OpenFreeEnergy / gufe

grand unified free energy by OpenFE
https://gufe.readthedocs.io
MIT License
28 stars 8 forks source link

Add support for capturing instrumentation data in ProtocolUnitResult #222

Open jchodera opened 1 year ago

jchodera commented 1 year ago

In order to help target developer effort to parts of the code where optimization effort will be most useful, it would be helpful to be able to capture timing information from each ProtocolUnit. Right now, we just capture the start/stop times, but capturing information about both what hardware was run on and finer-grained details about how much time is spent in various setup operations and sub-steps (e.g. replica propagation and energy computation) would be very helpful.

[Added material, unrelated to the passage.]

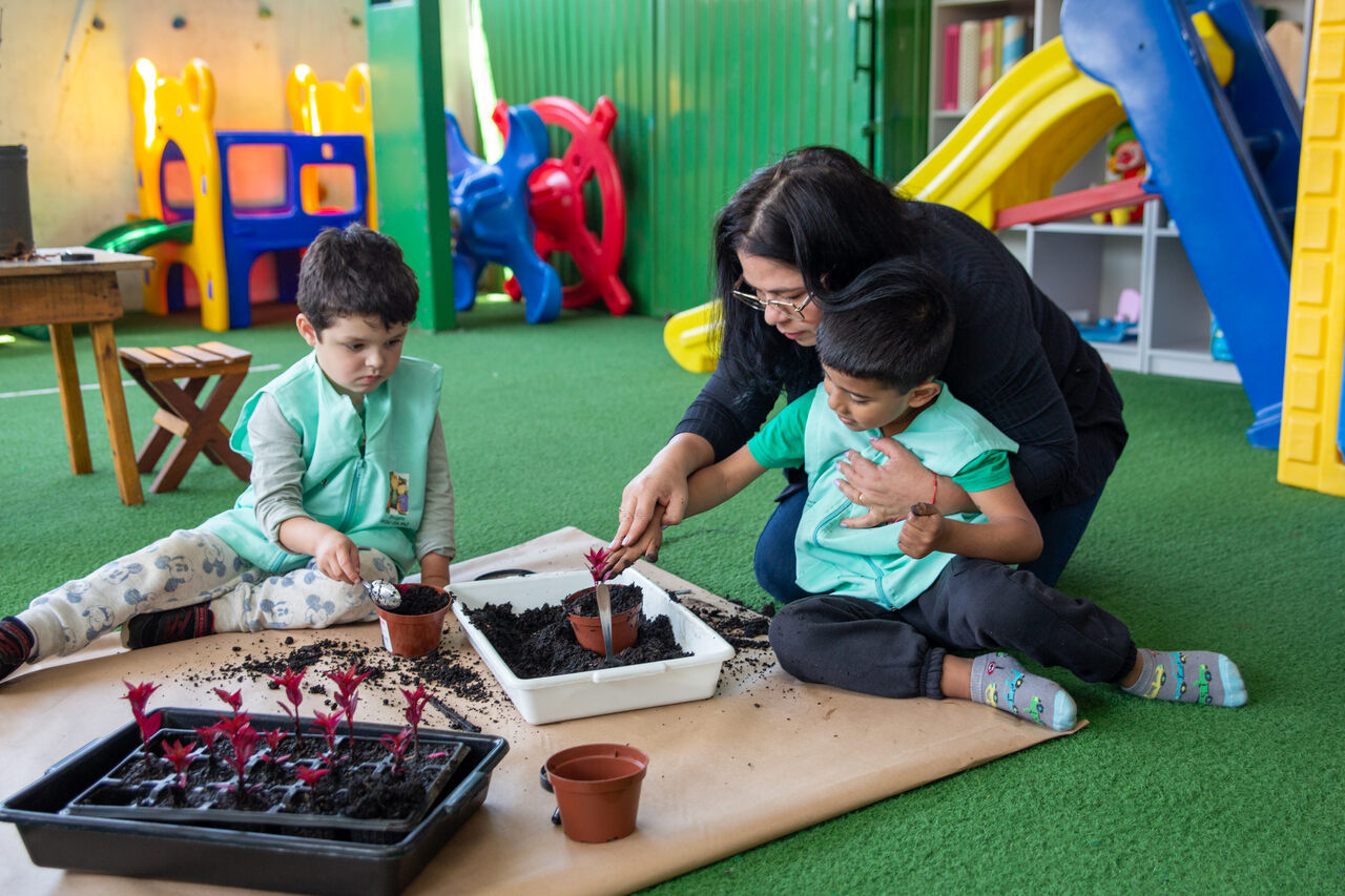 As crianças, junto com a professora Leia Trindade, aprenderam sobre as partes que compõem uma planta e os cuidados essenciais para o seu crescimento saudável. As crianças observaram como é a raiz, o caule, as folhas e as flores de cada planta. A partir disso trabalhamos com diferentes atividades, como desenhos, tentativas de escrita e vivências em que elas tiveram contato com elementos da natureza, explica a professora.

Could we add or agree to use a dict variable in ProtocolResult that could be used for this purpose?

In the longer term, it was suggested we could further divide ProtocolUnit into smaller units and rely solely on the start/stop times of each ProtocolUnit, but it seems we are a ways off from this right now.

richardjgowers commented 1 year ago

A tangential thing to this would be a ProtocolUnit.estimated_time_required(<Hardware info>) -> duration which would be a big help in scheduling. For this we'll have to start gathering some data on time elapsed, system size, and hardware to build some heuristics/models on expected performance.